*REQUIRED WORK*. Return every line below exactly, without dropping any.

(Records from a dataset)
»»

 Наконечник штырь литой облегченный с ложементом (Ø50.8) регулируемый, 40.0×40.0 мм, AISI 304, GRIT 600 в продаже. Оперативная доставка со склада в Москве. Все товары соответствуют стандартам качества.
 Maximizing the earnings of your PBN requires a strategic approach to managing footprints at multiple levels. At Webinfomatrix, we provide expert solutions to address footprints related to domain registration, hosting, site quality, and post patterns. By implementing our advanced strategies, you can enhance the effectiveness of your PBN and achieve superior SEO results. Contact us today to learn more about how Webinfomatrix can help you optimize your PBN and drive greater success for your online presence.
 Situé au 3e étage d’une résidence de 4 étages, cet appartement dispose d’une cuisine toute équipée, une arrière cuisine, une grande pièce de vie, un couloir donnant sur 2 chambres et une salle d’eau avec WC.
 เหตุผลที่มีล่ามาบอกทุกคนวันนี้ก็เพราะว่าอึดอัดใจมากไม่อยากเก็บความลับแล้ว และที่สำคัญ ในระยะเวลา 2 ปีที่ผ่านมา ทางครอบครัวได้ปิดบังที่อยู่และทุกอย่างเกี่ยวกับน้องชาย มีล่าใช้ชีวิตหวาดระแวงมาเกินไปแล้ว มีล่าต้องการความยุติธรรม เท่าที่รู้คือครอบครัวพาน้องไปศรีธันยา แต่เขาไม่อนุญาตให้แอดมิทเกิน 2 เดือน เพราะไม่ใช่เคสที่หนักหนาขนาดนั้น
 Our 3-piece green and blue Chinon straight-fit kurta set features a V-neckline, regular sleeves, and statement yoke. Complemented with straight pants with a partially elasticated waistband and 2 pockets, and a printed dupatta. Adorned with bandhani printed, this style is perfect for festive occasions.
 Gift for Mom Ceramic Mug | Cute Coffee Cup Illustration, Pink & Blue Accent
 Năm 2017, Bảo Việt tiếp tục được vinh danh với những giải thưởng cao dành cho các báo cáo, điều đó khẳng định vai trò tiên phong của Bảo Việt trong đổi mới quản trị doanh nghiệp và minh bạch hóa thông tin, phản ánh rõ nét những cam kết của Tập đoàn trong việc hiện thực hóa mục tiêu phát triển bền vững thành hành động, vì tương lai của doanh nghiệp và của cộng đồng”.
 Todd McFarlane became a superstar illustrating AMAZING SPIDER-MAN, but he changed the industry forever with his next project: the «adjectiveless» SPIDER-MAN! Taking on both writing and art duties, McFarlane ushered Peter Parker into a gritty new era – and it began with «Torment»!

««

*RESULT FOR THIS TASK*.
 Наконечник штырь литой облегченный с ложементом (Ø50.8) регулируемый, 40.0×40.0 мм, AISI 304, GRIT 600 в продаже. Оперативная доставка со склада в Москве. Все товары соответствуют стандартам качества.
 Maximizing the earnings of your PBN requires a strategic approach to managing footprints at multiple levels. At Webinfomatrix, we provide expert solutions to address footprints related to domain registration, hosting, site quality, and post patterns. By implementing our advanced strategies, you can enhance the effectiveness of your PBN and achieve superior SEO results. Contact us today to learn more about how Webinfomatrix can help you optimize your PBN and drive greater success for your online presence.
 Situé au 3e étage d’une résidence de 4 étages, cet appartement dispose d’une cuisine toute équipée, une arrière cuisine, une grande pièce de vie, un couloir donnant sur 2 chambres et une salle d’eau avec WC.
 เหตุผลที่มีล่ามาบอกทุกคนวันนี้ก็เพราะว่าอึดอัดใจมากไม่อยากเก็บความลับแล้ว และที่สำคัญ ในระยะเวลา 2 ปีที่ผ่านมา ทางครอบครัวได้ปิดบังที่อยู่และทุกอย่างเกี่ยวกับน้องชาย มีล่าใช้ชีวิตหวาดระแวงมาเกินไปแล้ว มีล่าต้องการความยุติธรรม เท่าที่รู้คือครอบครัวพาน้องไปศรีธันยา แต่เขาไม่อนุญาตให้แอดมิทเกิน 2 เดือน เพราะไม่ใช่เคสที่หนักหนาขนาดนั้น
 Our 3-piece green and blue Chinon straight-fit kurta set features a V-neckline, regular sleeves, and statement yoke. Complemented with straight pants with a partially elasticated waistband and 2 pockets, and a printed dupatta. Adorned with bandhani printed, this style is perfect for festive occasions.
 Gift for Mom Ceramic Mug | Cute Coffee Cup Illustration, Pink & Blue Accent
 Năm 2017, Bảo Việt tiếp tục được vinh danh với những giải thưởng cao dành cho các báo cáo, điều đó khẳng định vai trò tiên phong của Bảo Việt trong đổi mới quản trị doanh nghiệp và minh bạch hóa thông tin, phản ánh rõ nét những cam kết của Tập đoàn trong việc hiện thực hóa mục tiêu phát triển bền vững thành hành động, vì tương lai của doanh nghiệp và của cộng đồng”.
 Todd McFarlane became a superstar illustrating AMAZING SPIDER-MAN, but he changed the industry forever with his next project: the «adjectiveless» SPIDER-MAN! Taking on both writing and art duties, McFarlane ushered Peter Parker into a gritty new era – and it began with «Torment»!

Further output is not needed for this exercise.